§ Task:
Pictures stay out of the output. Return exactly the lines below from the one with "I znów cały" down to the one with "m2. ÜZÜM BAĞI.", both included, and nothing more.

§ Information given:
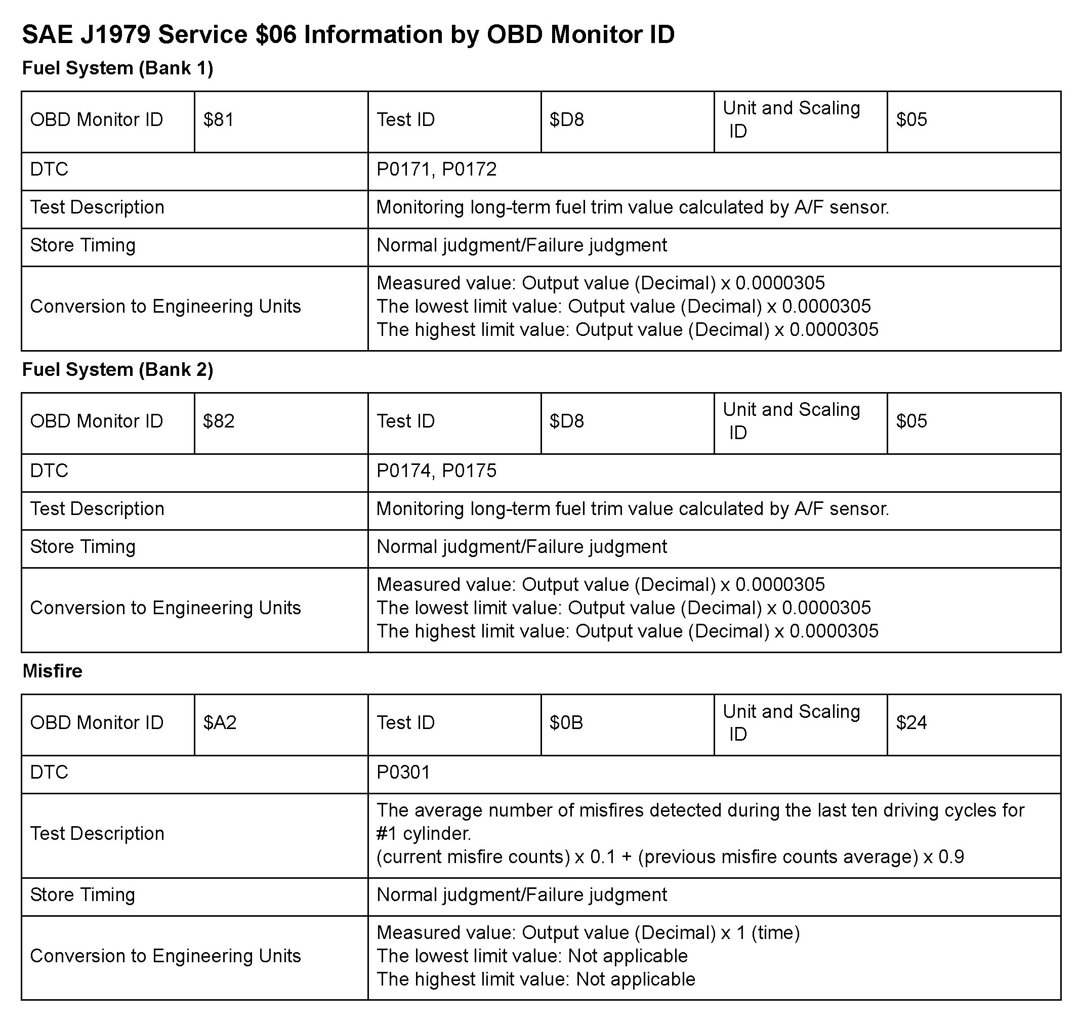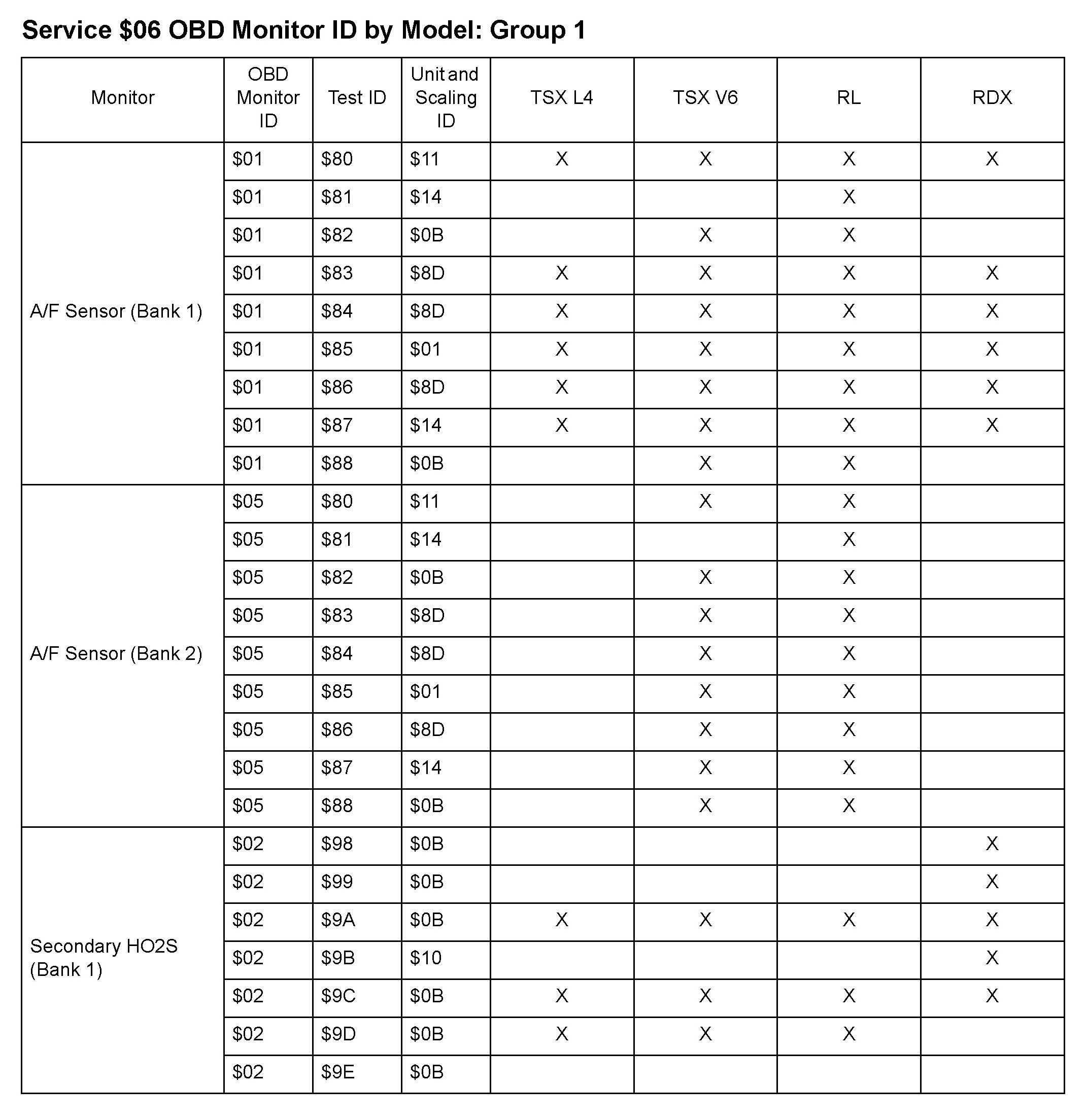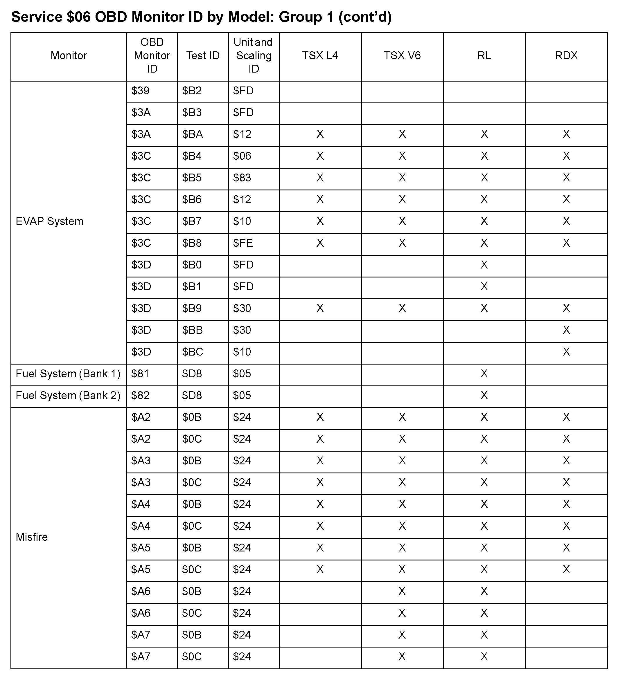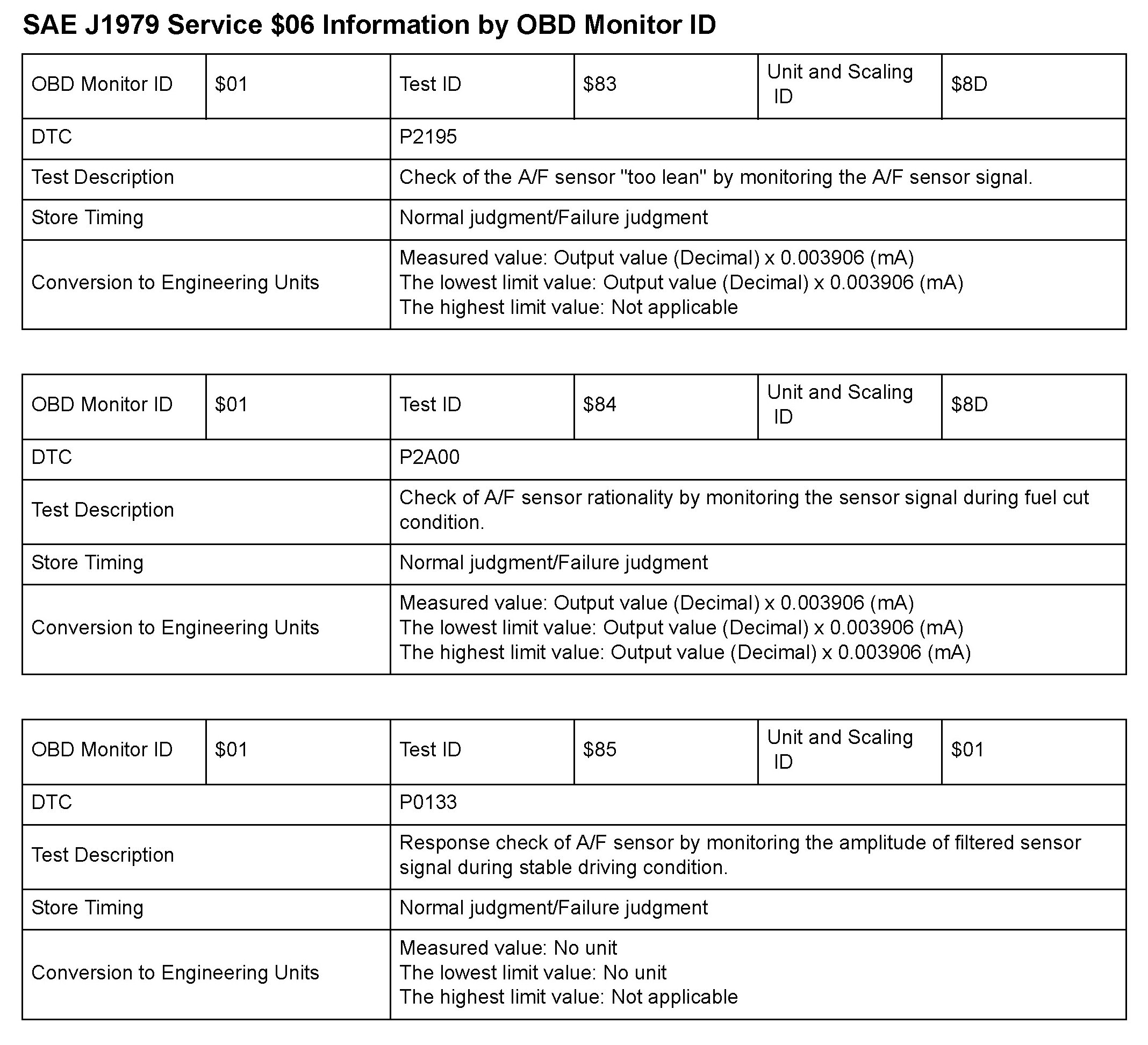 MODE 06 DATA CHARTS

==

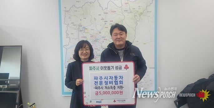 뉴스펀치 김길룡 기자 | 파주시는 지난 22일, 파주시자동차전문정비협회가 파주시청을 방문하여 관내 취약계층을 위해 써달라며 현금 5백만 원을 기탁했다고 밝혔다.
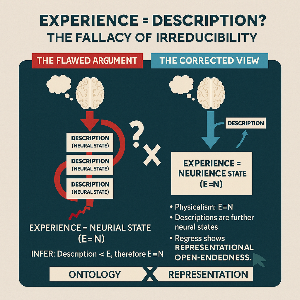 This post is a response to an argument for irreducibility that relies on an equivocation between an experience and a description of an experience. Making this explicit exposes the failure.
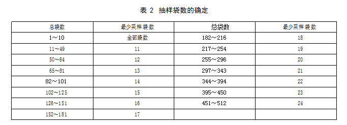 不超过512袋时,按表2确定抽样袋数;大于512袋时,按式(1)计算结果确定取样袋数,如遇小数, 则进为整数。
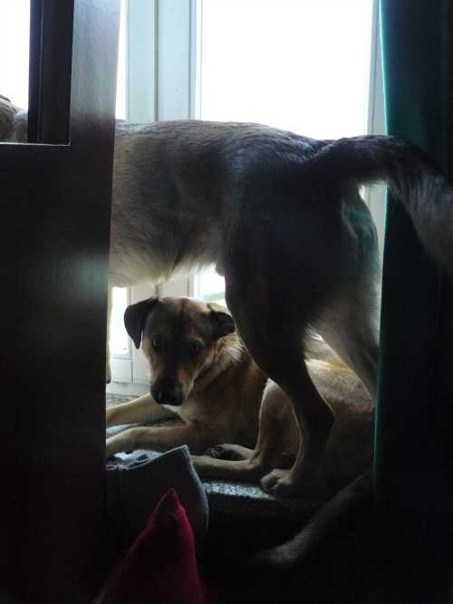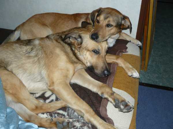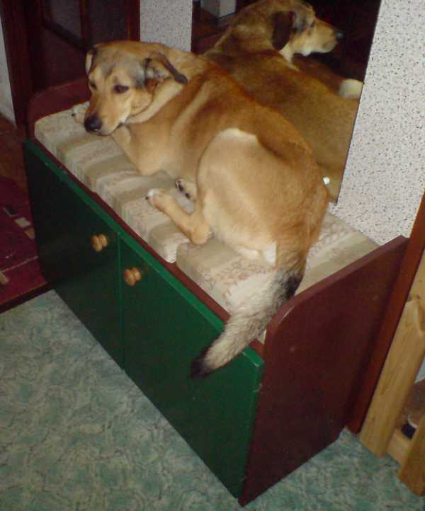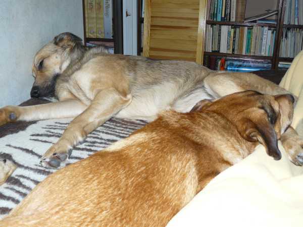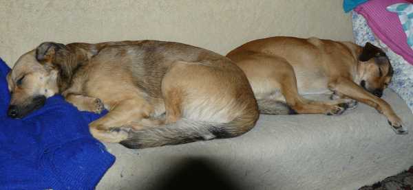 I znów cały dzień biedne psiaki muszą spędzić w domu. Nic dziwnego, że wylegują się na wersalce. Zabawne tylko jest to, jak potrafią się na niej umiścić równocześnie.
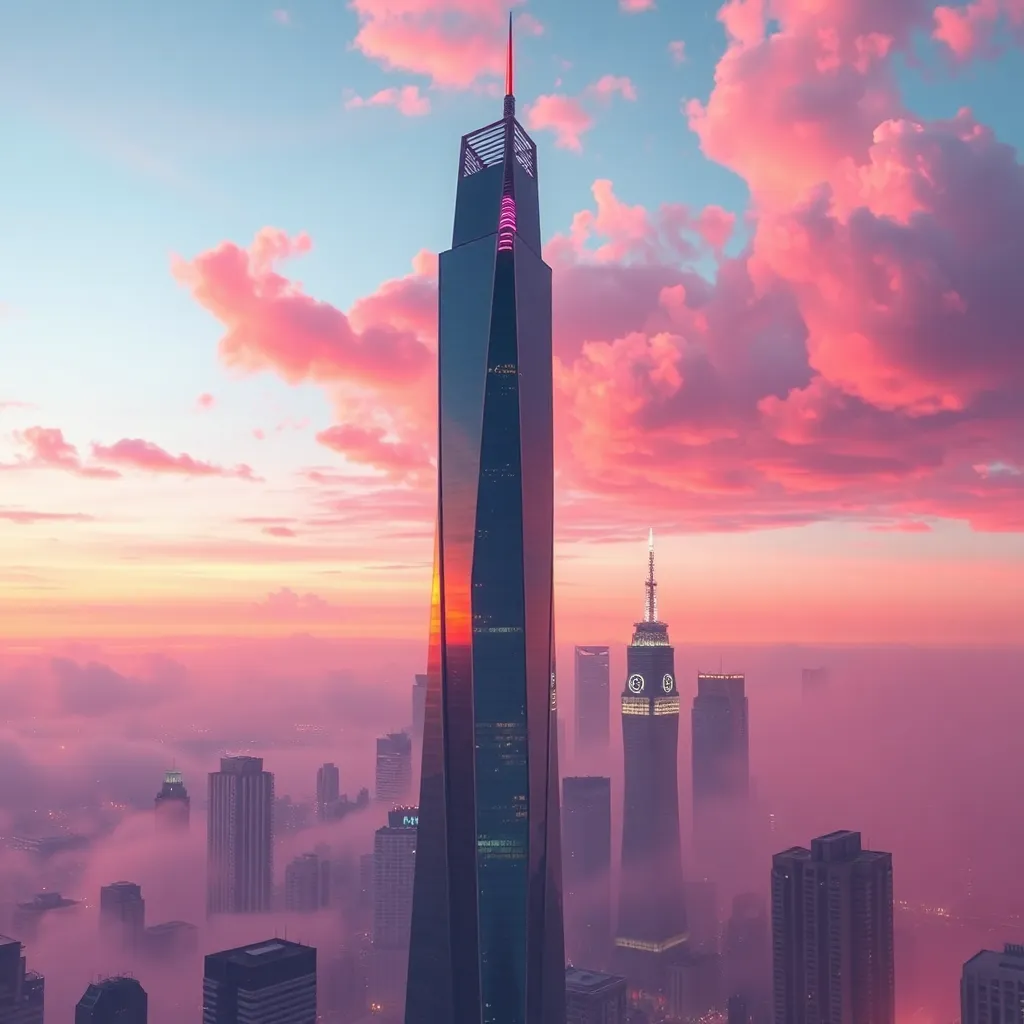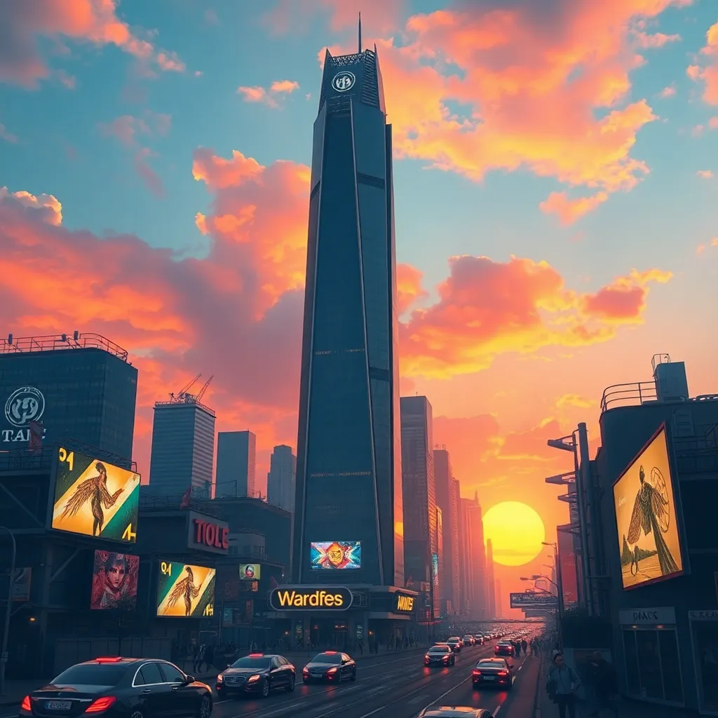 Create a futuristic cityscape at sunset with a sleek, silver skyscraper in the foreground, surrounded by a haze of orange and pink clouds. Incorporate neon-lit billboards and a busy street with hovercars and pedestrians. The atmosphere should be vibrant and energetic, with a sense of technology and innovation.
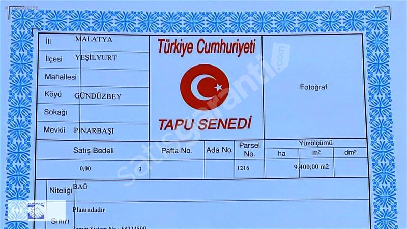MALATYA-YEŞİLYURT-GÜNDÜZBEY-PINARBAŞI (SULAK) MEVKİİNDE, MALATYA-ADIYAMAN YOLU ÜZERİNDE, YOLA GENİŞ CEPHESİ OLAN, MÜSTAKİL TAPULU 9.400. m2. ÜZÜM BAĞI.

§ Solution:
 I znów cały dzień biedne psiaki muszą spędzić w domu. Nic dziwnego, że wylegują się na wersalce. Zabawne tylko jest to, jak potrafią się na niej umiścić równocześnie.
 Create a futuristic cityscape at sunset with a sleek, silver skyscraper in the foreground, surrounded by a haze of orange and pink clouds. Incorporate neon-lit billboards and a busy street with hovercars and pedestrians. The atmosphere should be vibrant and energetic, with a sense of technology and innovation.
MALATYA-YEŞİLYURT-GÜNDÜZBEY-PINARBAŞI (SULAK) MEVKİİNDE, MALATYA-ADIYAMAN YOLU ÜZERİNDE, YOLA GENİŞ CEPHESİ OLAN, MÜSTAKİL TAPULU 9.400. m2. ÜZÜM BAĞI.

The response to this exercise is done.